• _Exercise instructions_
Take every record and write it out again exactly, with no images included.

* * *

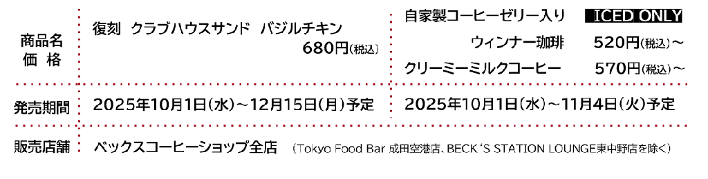 第3弾の目玉は、2000年に発売されて以降、21年間にわたりベックスコーヒーショップの人気メニューとして親しまれてきた「クラブハウスサンド バジルチキン」の復刻です。加えて、自家製コーヒーゼリーを使った2種の飲むスイーツドリンクを同日から販売します。
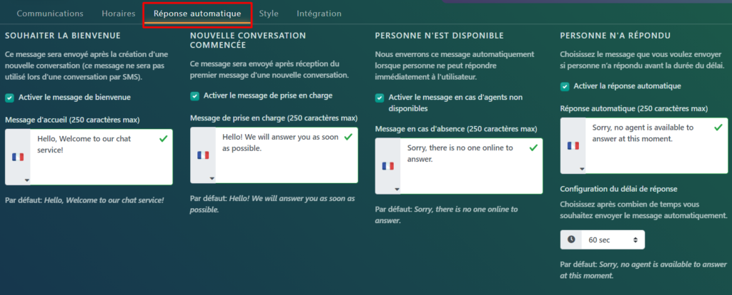 Sélectionnez l’onglet Réponse automatique dans les paramètres de chat:
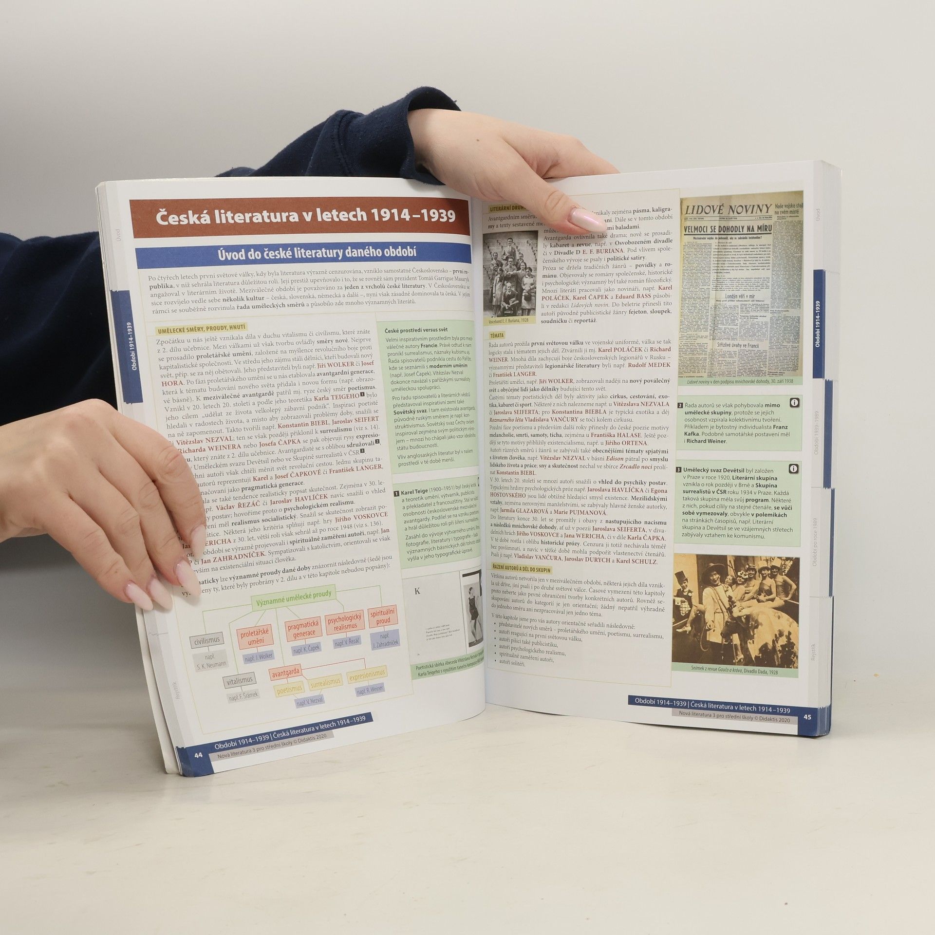 Učebnice obsahuje výklad k literatuře od roku 1914 po současnost. V chronologickém sledu seznamuje žáky s vývojem světové a české literatury, a to ve třech celcích (Období 1914–1939, Období 1939–1989 a Období po roce 1989), z nichž každý je tvořen dvěma či třemi kapitolami.
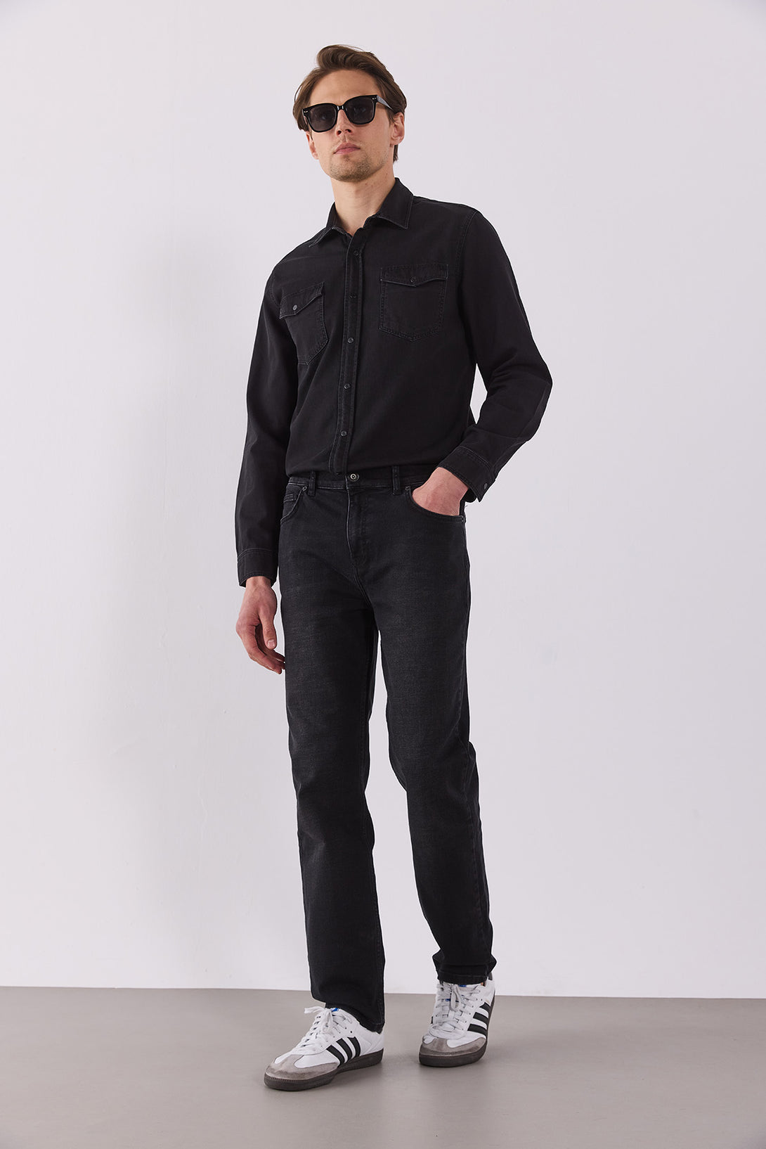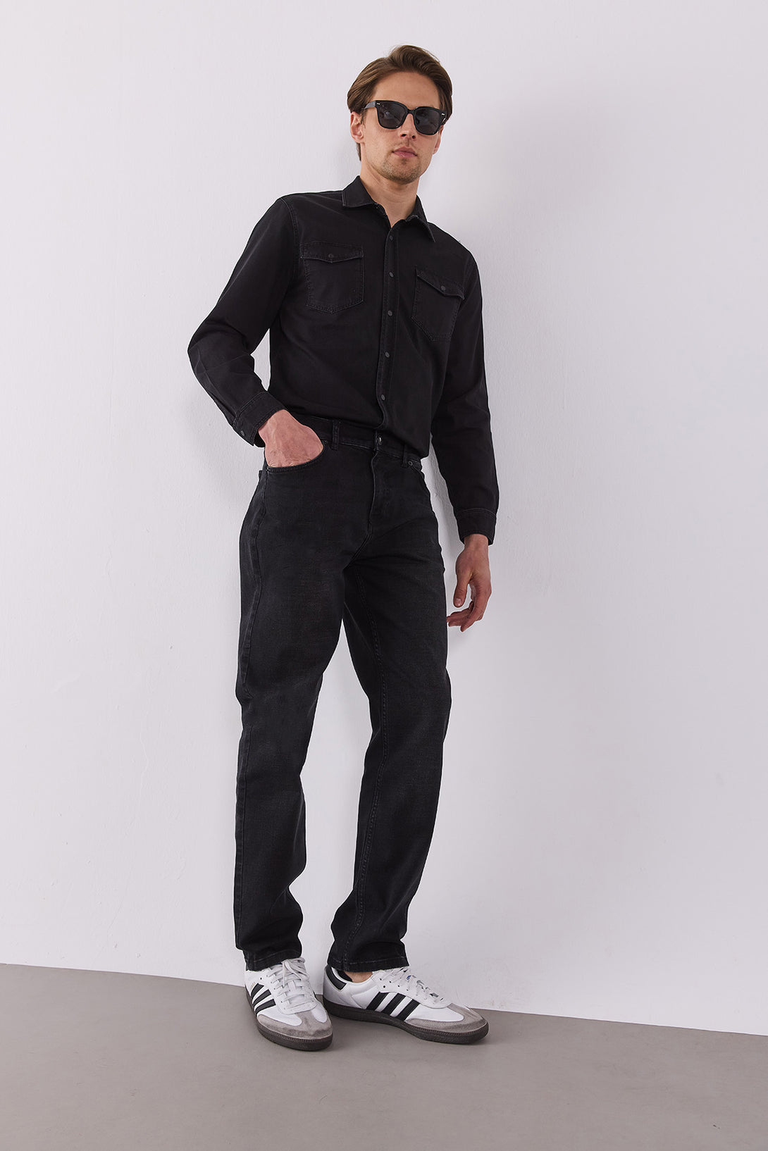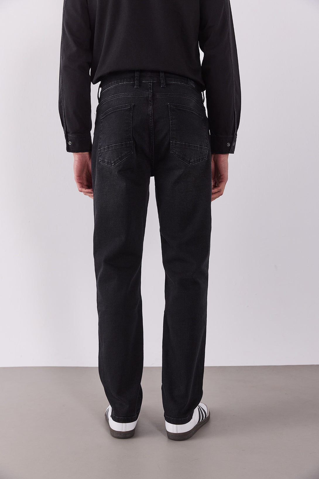 Siyah Kalimnos Comfort Fit jean pantolon, yüksek bel ve düz paça kesimiyle hem günlük hem smart-casual stiline uygun modern bir siluet sunar. %98,7 pamuk ve %1,3 elastan karışımı sayesinde yumuşak, nefes alabilir ve esnek yapısı ile gün boyu rahatlık sağlar.
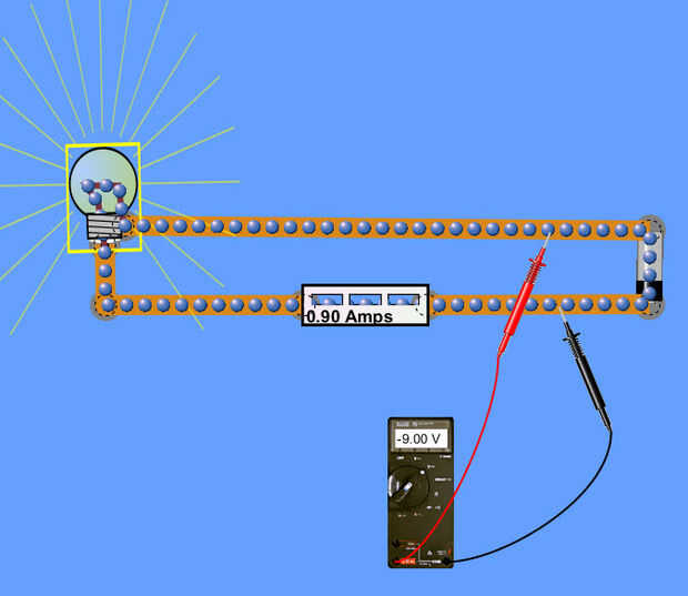 El cableado es muy simple. Desde el motor, necesita un cable va a la bombilla y otro cable volviendo de la bombilla al motor. Necesita romper uno de esos cables en algún lugar y poner uno de los multímetros en serie (en línea). Este multímetro se debe configurar para medir amperaje. El otro multímetro es poner en paralelo (a través) y está configurado para medir tensión. Ver fotos 1 y 3.

* * *

• _Solution to this exercise_
 第3弾の目玉は、2000年に発売されて以降、21年間にわたりベックスコーヒーショップの人気メニューとして親しまれてきた「クラブハウスサンド バジルチキン」の復刻です。加えて、自家製コーヒーゼリーを使った2種の飲むスイーツドリンクを同日から販売します。
 Sélectionnez l’onglet Réponse automatique dans les paramètres de chat:
 Učebnice obsahuje výklad k literatuře od roku 1914 po současnost. V chronologickém sledu seznamuje žáky s vývojem světové a české literatury, a to ve třech celcích (Období 1914–1939, Období 1939–1989 a Období po roce 1989), z nichž každý je tvořen dvěma či třemi kapitolami.
 Siyah Kalimnos Comfort Fit jean pantolon, yüksek bel ve düz paça kesimiyle hem günlük hem smart-casual stiline uygun modern bir siluet sunar. %98,7 pamuk ve %1,3 elastan karışımı sayesinde yumuşak, nefes alabilir ve esnek yapısı ile gün boyu rahatlık sağlar.
 El cableado es muy simple. Desde el motor, necesita un cable va a la bombilla y otro cable volviendo de la bombilla al motor. Necesita romper uno de esos cables en algún lugar y poner uno de los multímetros en serie (en línea). Este multímetro se debe configurar para medir amperaje. El otro multímetro es poner en paralelo (a través) y está configurado para medir tensión. Ver fotos 1 y 3.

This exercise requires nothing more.